Material for this task below:

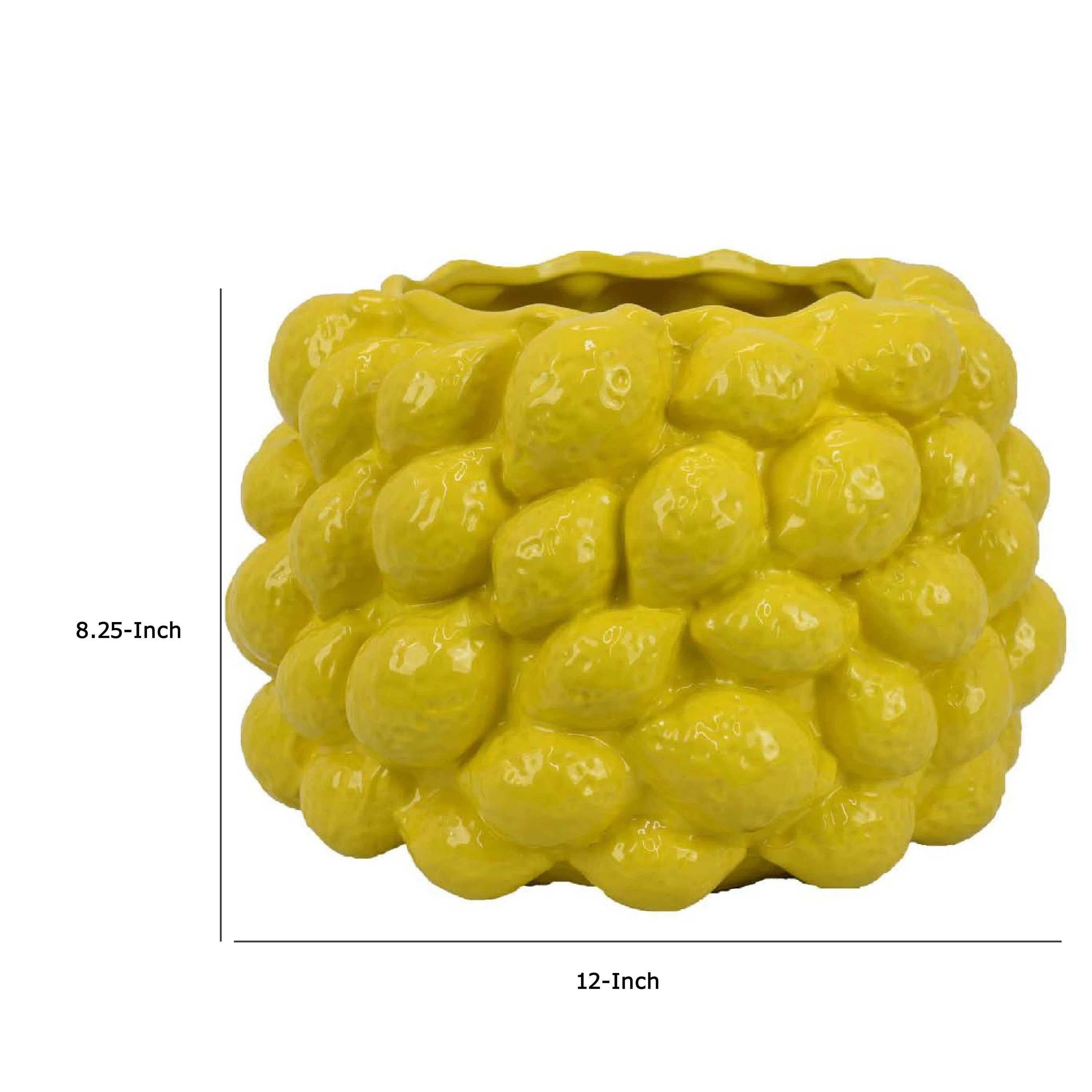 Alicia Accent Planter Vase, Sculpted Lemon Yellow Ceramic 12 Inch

End of Material for this task.
Material for this task below:

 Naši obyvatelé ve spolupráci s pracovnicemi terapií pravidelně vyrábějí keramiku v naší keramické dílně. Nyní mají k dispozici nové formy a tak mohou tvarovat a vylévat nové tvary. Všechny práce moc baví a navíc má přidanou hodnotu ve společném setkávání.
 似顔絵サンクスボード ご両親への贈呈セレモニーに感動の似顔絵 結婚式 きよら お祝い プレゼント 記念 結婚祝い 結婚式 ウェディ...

End of Material for this task.
Material for this task below:

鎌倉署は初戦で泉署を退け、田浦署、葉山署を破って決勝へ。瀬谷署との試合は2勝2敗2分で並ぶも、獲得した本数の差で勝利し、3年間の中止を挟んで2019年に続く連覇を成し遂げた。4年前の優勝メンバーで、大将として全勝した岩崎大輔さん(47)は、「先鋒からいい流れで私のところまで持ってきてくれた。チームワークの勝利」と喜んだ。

End of Material for this task.

Exercise requirements: Starting at the line that has "Naši obyvatelé ve" in the records above, restate word for word every line until the one that has "似顔絵サンクスボード ご両親への贈呈セレモニーに感動の似顔絵 結婚式", and include that one as well.

Worked solution:
 Naši obyvatelé ve spolupráci s pracovnicemi terapií pravidelně vyrábějí keramiku v naší keramické dílně. Nyní mají k dispozici nové formy a tak mohou tvarovat a vylévat nové tvary. Všechny práce moc baví a navíc má přidanou hodnotu ve společném setkávání.
 似顔絵サンクスボード ご両親への贈呈セレモニーに感動の似顔絵 結婚式 きよら お祝い プレゼント 記念 結婚祝い 結婚式 ウェディ...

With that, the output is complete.